- **YOUR INSTRUCTIONS**
Exact repetition of a range: find the line containing "Разъем РпИм 2,5-5-0,8" and the line containing "An employee works" in the material below, then repeat both and all lines between them, leaving pictures out.

___ TASK INPUTS

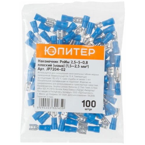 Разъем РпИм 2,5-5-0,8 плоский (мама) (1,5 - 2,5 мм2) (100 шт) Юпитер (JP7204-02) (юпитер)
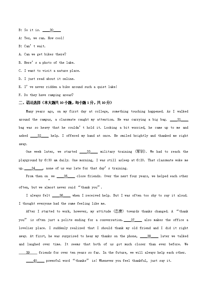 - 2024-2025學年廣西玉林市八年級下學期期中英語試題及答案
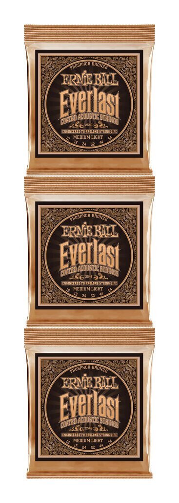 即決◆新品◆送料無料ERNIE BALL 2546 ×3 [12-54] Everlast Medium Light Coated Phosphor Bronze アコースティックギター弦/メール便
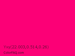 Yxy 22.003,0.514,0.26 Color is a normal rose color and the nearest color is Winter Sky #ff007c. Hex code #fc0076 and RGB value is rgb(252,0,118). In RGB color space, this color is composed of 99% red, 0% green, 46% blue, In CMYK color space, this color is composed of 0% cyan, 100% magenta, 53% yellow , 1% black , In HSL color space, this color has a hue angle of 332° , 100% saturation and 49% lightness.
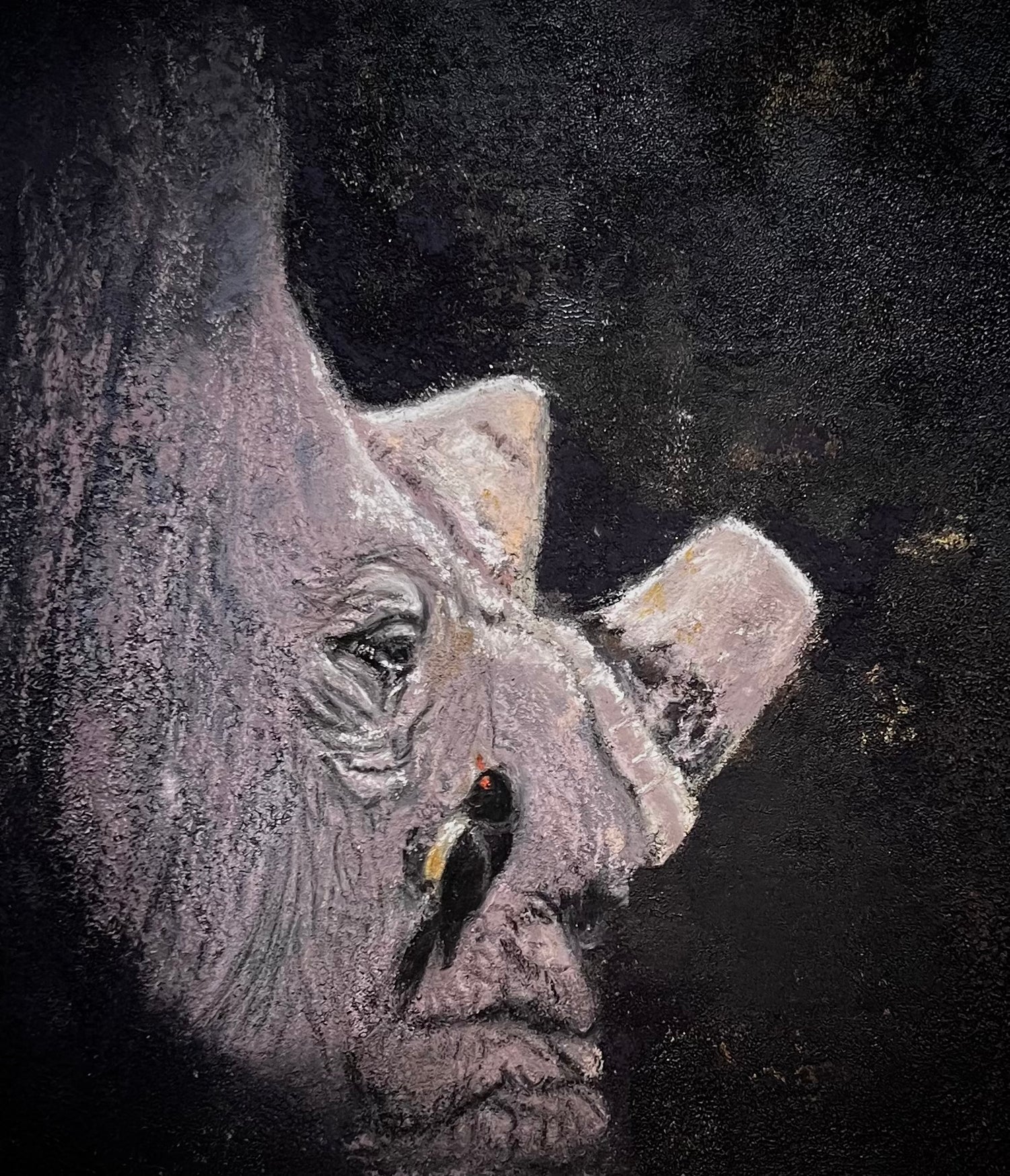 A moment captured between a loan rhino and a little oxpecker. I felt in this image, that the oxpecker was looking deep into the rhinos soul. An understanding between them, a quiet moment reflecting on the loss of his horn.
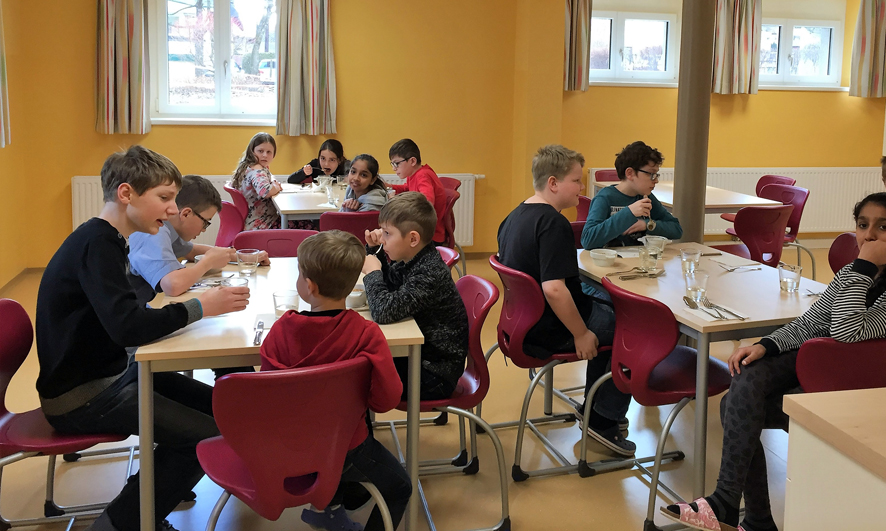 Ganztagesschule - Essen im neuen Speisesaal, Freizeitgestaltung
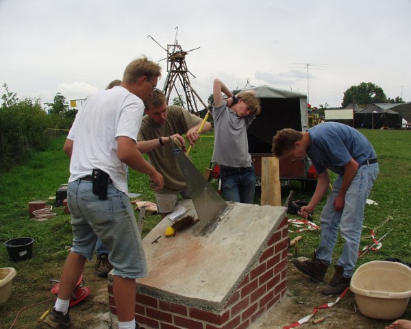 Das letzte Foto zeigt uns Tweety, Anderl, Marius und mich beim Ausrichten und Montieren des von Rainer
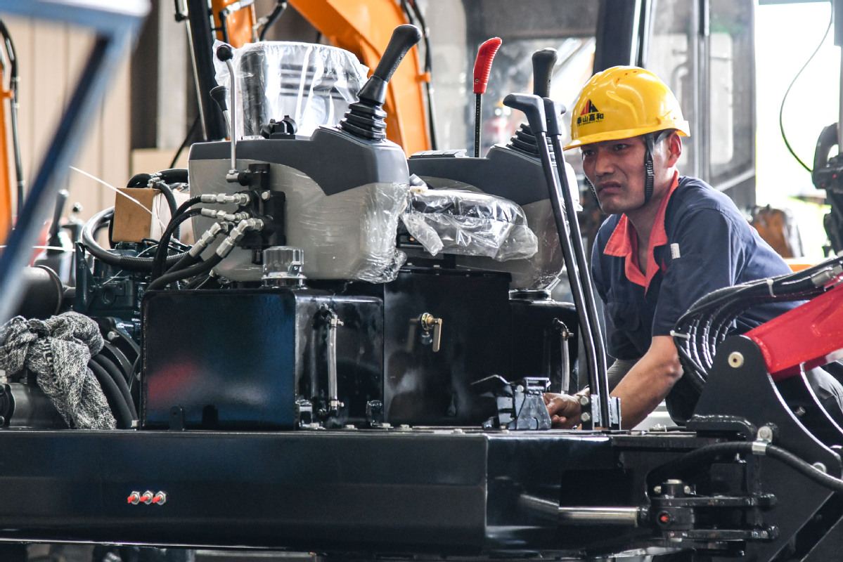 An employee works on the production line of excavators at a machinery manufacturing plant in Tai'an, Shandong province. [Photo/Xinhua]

______
___ TASK INPUTS

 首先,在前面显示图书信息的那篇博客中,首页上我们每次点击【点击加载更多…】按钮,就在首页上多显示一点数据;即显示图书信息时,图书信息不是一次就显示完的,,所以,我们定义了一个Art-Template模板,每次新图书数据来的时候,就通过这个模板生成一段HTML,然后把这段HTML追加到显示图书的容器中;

______

- **RESPONSE BELOW**
 Разъем РпИм 2,5-5-0,8 плоский (мама) (1,5 - 2,5 мм2) (100 шт) Юпитер (JP7204-02) (юпитер)
 - 2024-2025學年廣西玉林市八年級下學期期中英語試題及答案
 即決◆新品◆送料無料ERNIE BALL 2546 ×3 [12-54] Everlast Medium Light Coated Phosphor Bronze アコースティックギター弦/メール便
 Yxy 22.003,0.514,0.26 Color is a normal rose color and the nearest color is Winter Sky #ff007c. Hex code #fc0076 and RGB value is rgb(252,0,118). In RGB color space, this color is composed of 99% red, 0% green, 46% blue, In CMYK color space, this color is composed of 0% cyan, 100% magenta, 53% yellow , 1% black , In HSL color space, this color has a hue angle of 332° , 100% saturation and 49% lightness.
 A moment captured between a loan rhino and a little oxpecker. I felt in this image, that the oxpecker was looking deep into the rhinos soul. An understanding between them, a quiet moment reflecting on the loss of his horn.
 Ganztagesschule - Essen im neuen Speisesaal, Freizeitgestaltung
 Das letzte Foto zeigt uns Tweety, Anderl, Marius und mich beim Ausrichten und Montieren des von Rainer
 An employee works on the production line of excavators at a machinery manufacturing plant in Tai'an, Shandong province. [Photo/Xinhua]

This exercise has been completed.